Translated back from the Turkish, he said: “If the process fails, I have the feeling that it will not be possible to expect the UN to come again after a couple of years when things improve and give it another try. I don’t know. This is why I am worried. I would be more worried if I were living here. I hope I am wrong but I have to say that I am worried it will not be a smooth exit.”
This is diplo-speak for: “If you don’t come back to the table, don’t expect the UN to try again”.
Why might that be so? First, US President Donald Trump’s scepticism about international engagement.
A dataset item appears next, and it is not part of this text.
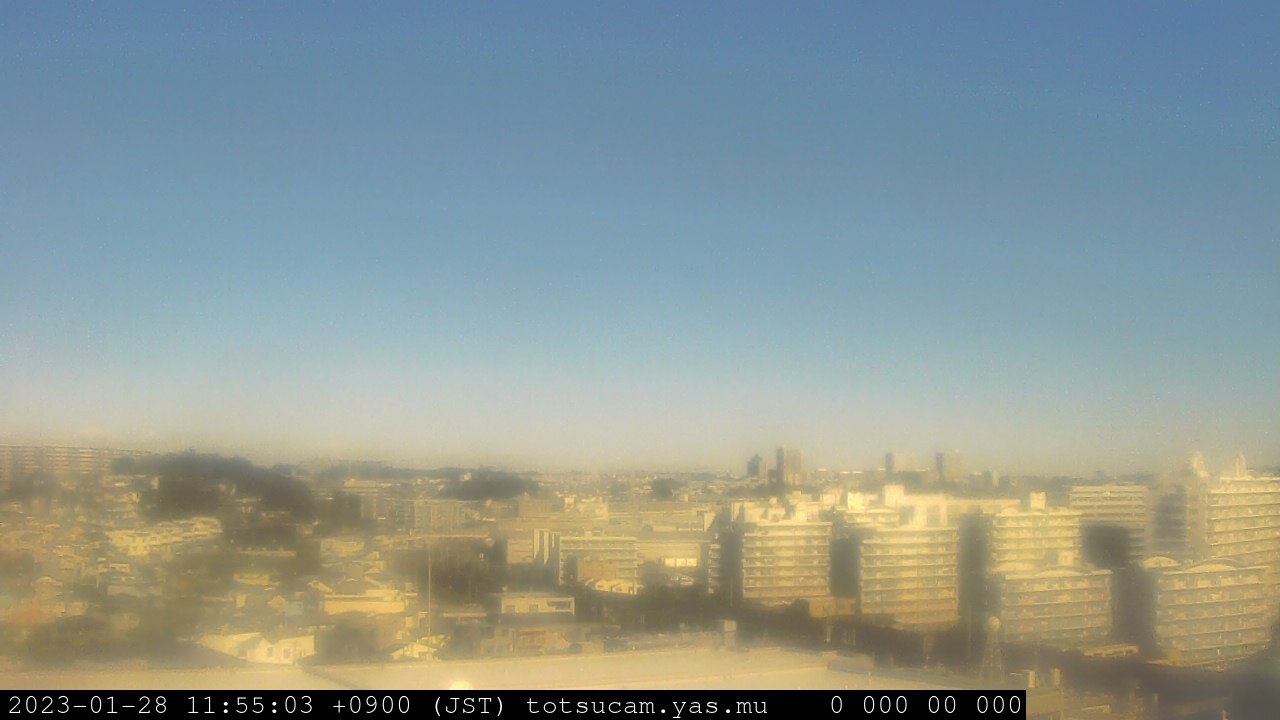 横浜市戸塚駅周辺から 東戸塚方面(北北東)を望む展望カメラの映像です。 左は現在の映像です。 下に並んでいるのは、 7日間に亘る日の出どき、昼間、夕暮れどきの写真(サムネイル)です。 それぞれ、日の出15分前、南中時、日没20分後の写真となっています。 各写真の下にはmpeg形式の動画へのリンクがあります。 それぞれ、日の出、南中、日没の前後1時間の画像です。 右欄にはその日24時間の動画へのリンクがあります。 この7日間以外は日付が一覧表示されています。 日付部分をクリックすると、 その日付から7日分が展開されて表示されます。

The US funds 22% of the UN and I hear that UN agencies are preparing for at least 20% cuts across the board. A bean-counter nowhere near Cyprus will have to decide whether to put resources into getting food into in famine-stricken South Sudan and Somalia, or paying for fruits served at endless meetings in Cyprus.
Even the UNFICYP peacekeeping force should not be taken for granted. While Cyprus and Greece together fund 45% of UNFICYP (but not the Good Offices), it takes only one veto from one permanent member of the Security Council to end the 52-year operation immediately. In the old days, that used to be unthinkable. Today, nothing is unthinkable in international politics.
The second possible reason is Norwegian politics. According to unconfirmed rumours, Eide, a former foreign and defence minister, could be tempted to go back to politics after the election in September. That could be the moment when the UN Secretary-General, Antonio Guterres, who has been described as “no pushover”, calls it a day.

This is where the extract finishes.